Do you have a crystal ball, Rayda? :chgrin:

Thank you !!!!!!!!!!

John

`


----------



## GZ (Jan 31, 2010)

Congrats!!!! 18k... only 6k more and you're golden! :grin:

I only have one word for you.. workaholic!


----------



## 2xg (Aug 5, 2009)

> Do you have a crystal ball, Rayda?


I sure do have one...and it comes pretty handy.:grin:


----------



## joeten (Dec 4, 2008)

Congrats John I still have a ways to go so leave some for me please


----------



## jcgriff2 (Sep 30, 2007)

gavinzach said:


> Congrats!!!! 18k... only 6k more and you're golden! :grin:
> 
> I only have one word for you.. workaholic!


Me a workoholic...? 

Look in mirror, Bruce... you'll see someone that doubles my daily post average.

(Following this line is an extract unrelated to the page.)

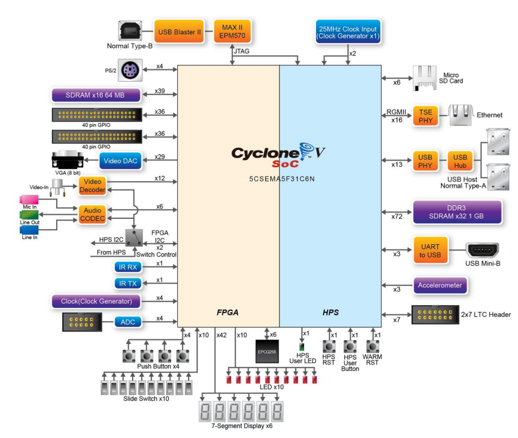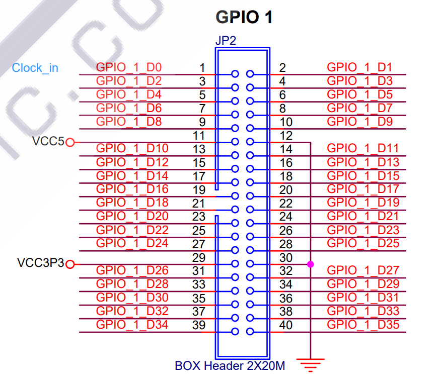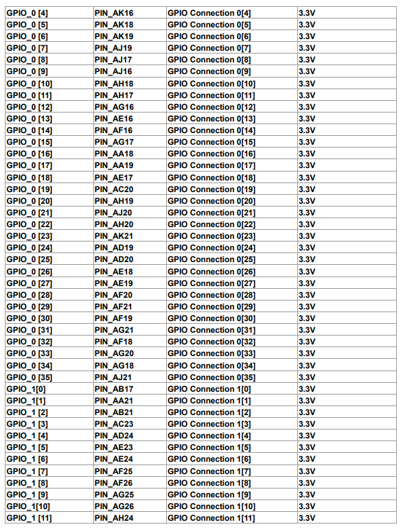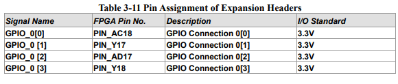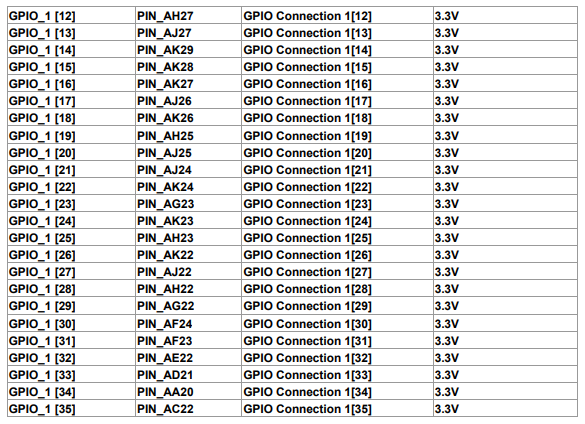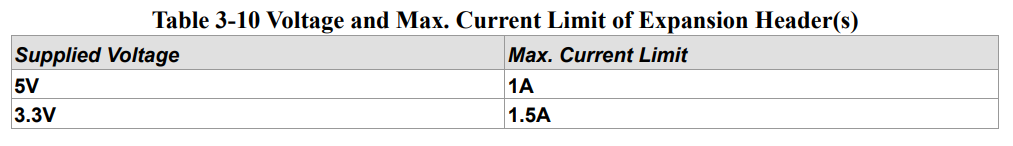 The board has two 40-pin expansion headers. Each header has 36 user pins connected directly to the Cyclone V SoC FPGA. It also comes with DC +5V (VCC5), DC +3.3V (VCC3P3), and two GND pins. The maximum power consumption allowed for a daughter card connected to one or two GPIO ports is shown in Table 3-10.

*You* - 63.5 posts/day -- 30 day average. :Wow1: 

That is awesome!!

Thanks . . 

John

`


----------



## SABL (Jul 4, 2008)

Big congrats to JC....a real credit to TSF!!


----------



## AlbertMC2 (Jul 15, 2010)

My goodness....That is a lot of typing.

Congrats.


----------



## shotgn (Aug 10, 2008)

My fingers hurt just look at how many posts..lol

My fingers just die when I look at dai's


----------



## WereBo (Apr 5, 2008)

Congratulations John, well done indeed







:4-clap:







:4-clap:


----------



## reventon (Oct 16, 2009)

18,000 posts of amazing work.

Congratulations!


----------



## dai (Jul 2, 2004)

congratulations


----------



## Glaswegian (Sep 16, 2005)

Congrats John - great work!


----------



## speedster123 (Oct 18, 2006)

*nice work john*


----------



## jcgriff2 (Sep 30, 2007)

Thank you !

And yes, my fingers do hurt at times. : )

John

`


----------



## -WOLF- (Jan 17, 2009)

Congratulations!


----------



## JohnthePilot (Mar 30, 2006)

Congratulations John.


----------



## Coolfreak (May 27, 2008)

Awesome work John!


----------



## jenae (Jun 17, 2008)

Hi, I could not think of a more appropriate way to reach my 2000th post then to congratulate the one person whose dedication so epitomizes what we are all about. Well done John.


----------



## Elvenleader3 (Jan 1, 2010)

Nice job! Keep up the good work. :smile:


----------



## jcgriff2 (Sep 30, 2007)

Thank you !!


----------